* [Task item]: Exactly the lines from the line with "Apollo/Soyuz test project" through the final line of the records below, both ends included, are to be set down. Do not include pictures.

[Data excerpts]
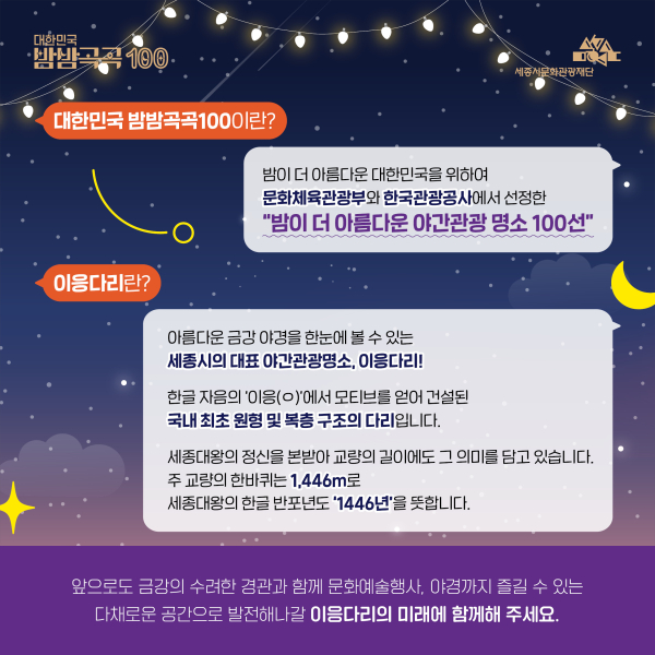 세종시를 대표하는 야간관광 명소인 이응다리는 금강의 수려한 야경과 함께 다양한 문화예술 행사를 즐길 수 있는 공간으로, 올해 11월 문화체육관광부와 한국관광공사의 야간관광 명소 ‘대한민국 밤밤곡곡 100’에 선정되었다.
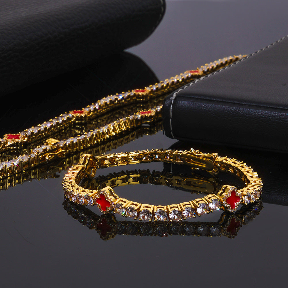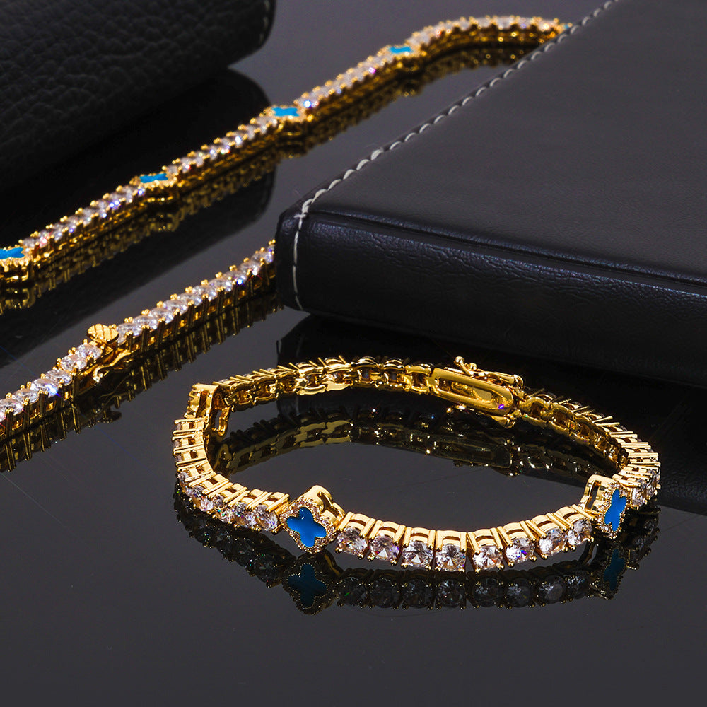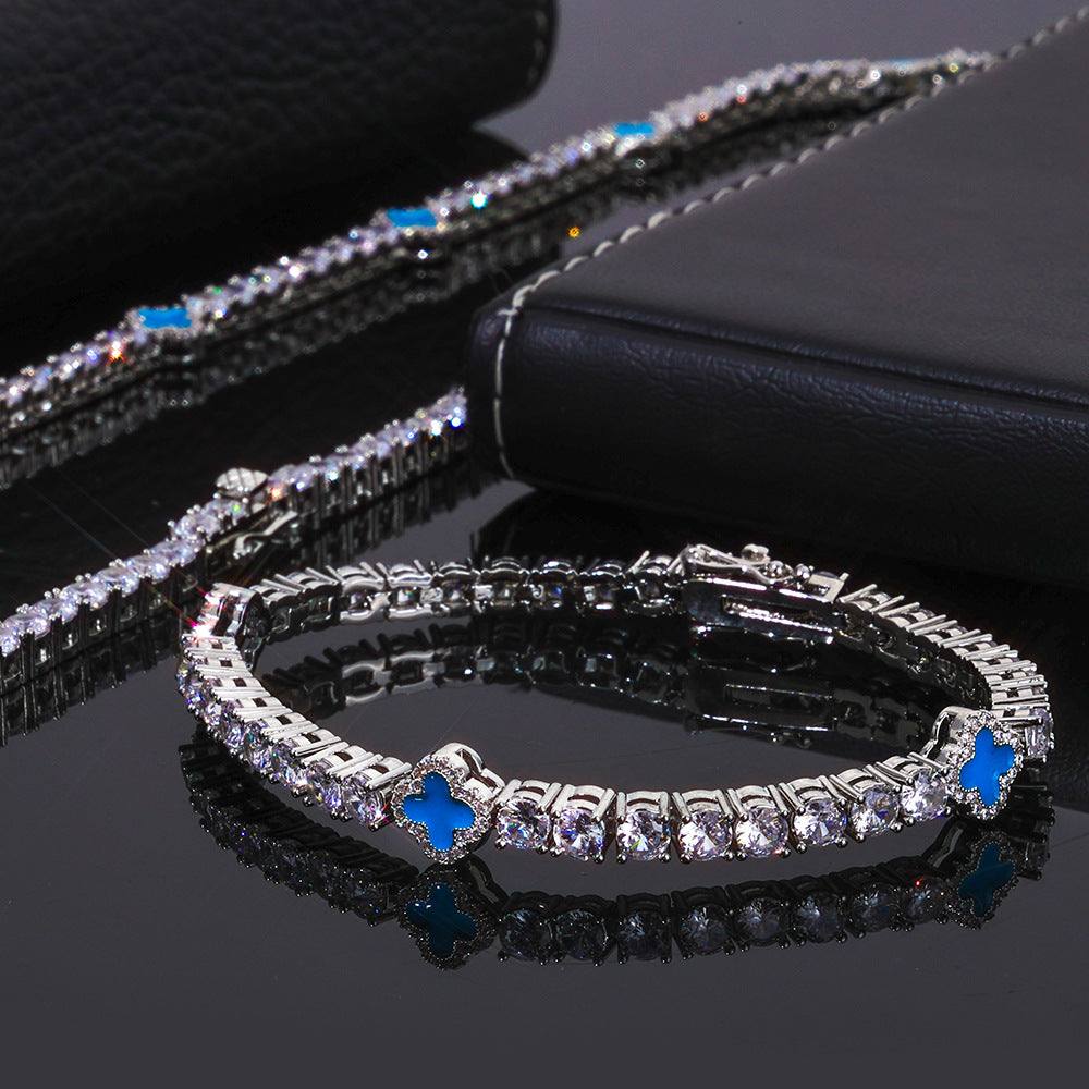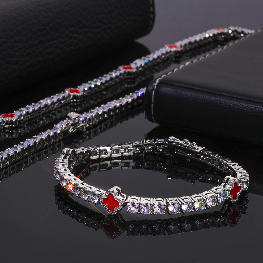 Wholesale Four Leaf Clover Jewelry Set Trendy Tennis Bracelet and Necklace, Chain 7in,8in,9in,16in,18in,20in,22in,24in
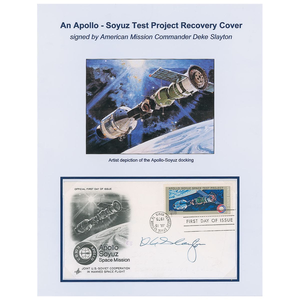 Apollo/Soyuz test project recovery cover with a cachet honoring the Apollo/Soyuz mission, signed on the front in blue ink by Slayton. Removably presented on a color 8.5 x 11 informational sheet. In fine condition.
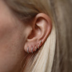 The diamond huggie is a key piece of my capsule jewelry wardrobe. I never take mine off! I wear a 4 mm in the fourth hole of my left ear. /Cecilia
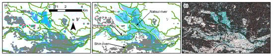 Closer look of the affected area in the city of Iwaki, Fukushima Prefecture. (a) The predicted flood map. (b) The reference flood map provided by the Iwaki city. (c) The RGB coherence color composite. Their locations are indicated in Figure 5a.
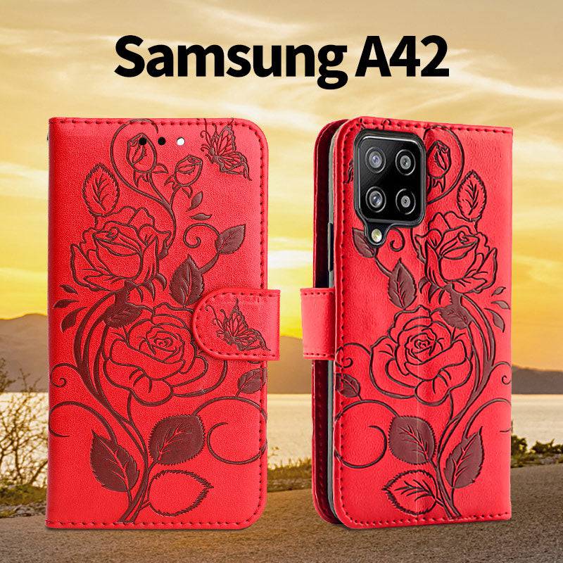 3D Embossed Rose Wallet Case For Samsung A42(5G)

* [Response below]:
 Apollo/Soyuz test project recovery cover with a cachet honoring the Apollo/Soyuz mission, signed on the front in blue ink by Slayton. Removably presented on a color 8.5 x 11 informational sheet. In fine condition.
 The diamond huggie is a key piece of my capsule jewelry wardrobe. I never take mine off! I wear a 4 mm in the fourth hole of my left ear. /Cecilia
 Closer look of the affected area in the city of Iwaki, Fukushima Prefecture. (a) The predicted flood map. (b) The reference flood map provided by the Iwaki city. (c) The RGB coherence color composite. Their locations are indicated in Figure 5a.
 3D Embossed Rose Wallet Case For Samsung A42(5G)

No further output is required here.